Correspondance de Voltaire/1760/Lettre 4262

Correspondance de Voltaire/1760
Correspondance : année 1760GarnierŒuvres complètes de Voltaire, tome 40 (p. 542-543).

4262. — DE MADAME LA MARQUISE DU DEFFANT[1].
Paris, 20 septembre 1760.

Non, non, monsieur, je ne suis pas une grande enfant ; je suis une petite vieille qui ai tous les apanages de la vieillesse, excepté la mauvaise humeur. Je blâme M. de Voltaire quand il s’associe ou plutôt se fait chef d’un parti qui n’a rien de commun avec lui qu’un seul article : car pour la morale et les agréments, il n’y a nulle ressemblance ni conformité ; d’ailleurs, si cela vous divertit, vous avez raison, n’en parlons plus. Dites-moi, je vous prie, pourquoi vous ne répondez jamais à ce que je vous écris ? Je vous parle de votre tragédie, de votre comédie ; vous ne daignez pas m’en dire un mot. J’ai lieu de croire que mes lettres vous ennuient ; j’en serais fâchée, parce que les vôtres me font plaisir. J’attends avec impatience votre histoire du czar ; j’ai grand besoin de lecture qui m’amuse ; je lis six ou sept heures par jour ou par nuit, et j’ai tout épuisé. J’ai été très-contente de l’histoire des Stuarts[2] ; elle est un peu fatigante, mais il y a des morceaux sublimes.
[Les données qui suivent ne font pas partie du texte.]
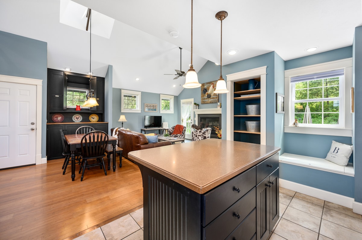 Phumula nomndeni wonke kule ndlu eyakhiwe ngamapulangwe enokuthula neyingqayizivele ehlathini! Indawo yethu iyindawo yokuphumula ngasemlilweni, uhambe egqumeni elihle lendlu yethu, udlale imidlalo yebhodi, uphumule kuma-hammock, ube nezinyoni ezicula, ubone ukushona kwelanga ezintabeni ngesikhathi izingane zakho zidlala endaweni yokubuka izinkanyezi. Uhambo olufushane oluya e-Greenbluff ukuze uthole izivande zendawo, izindawo ezinhle ezisezintabeni, izindawo zokukhiqiza iwayini, izindawo zokukhiqiza utshwala, imikhosi yasekwindla/entwasahlobo. Joyina ama-workshop ethu ebharneni lobuciko. Ebusika, indawo emangalisayo yokuhamba eqhweni esayithini noma ukushayela uye emathafeni okushushuluza.
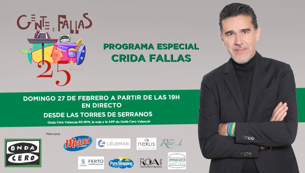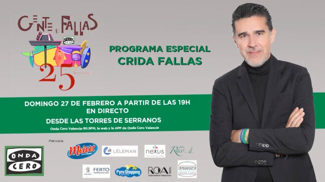 PROGRAMA ESPECIALGente de Fallas desde la CridaEl próximo domingo 27 de febrero a partir de las 19:00h, el programa Gente de Fallas se emite en directo desde las Torres de Serranos para contar en directo la Crida, el acto que enciende la mecha de las fallas 2022 ondacero.es Valencia | 24.02.2022 13:58 Gente de Fallas desde la Crida | ocr
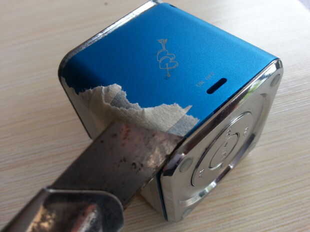 Usando el cortador y se deslice en los bordes de los bordes y hacer un hueco lo suficientemente grande para el dedo de uñas para hacer el trabajo

Si vous aviez de l’amitié pour moi, comme vous voulez m’en flatter, vous pourriez m’envoyer beaucoup de choses, j’en suis sûre ; mais vous me traitez comme une caillette.

Il arriva hier un courrier qui nous apporta la nouvelle d’un petit avantage que M. de Stainville a remporté sur le prince héréditaire ; c’est être débredouillé.

Votre lettre au roi de Pologne est imprimée, je ne crois pas que ce soit par l’ordre du frère Menoux. Adieu, monsieur, je vous aime beaucoup, et je crois que vous ne m’aimez guère.

Le président veut que je vous dise qu’il vous désapprouve infiniment de donner le premier tome de votre histoire du czar avant le second ; je crois effectivement qu’il n’a pas tort, mais si le second nous faisait trop attendre le premier, ne suivez pas son conseil, je suis pressée de vivre.

  1. Correspondance complète de la marquise du Deffant, publiée par M. de Lescure. Paris, Pion, 1865.
  2. L’Histoire de la maison de Stuart, par Hume, traduite en 1760 par l’abbé Prévost.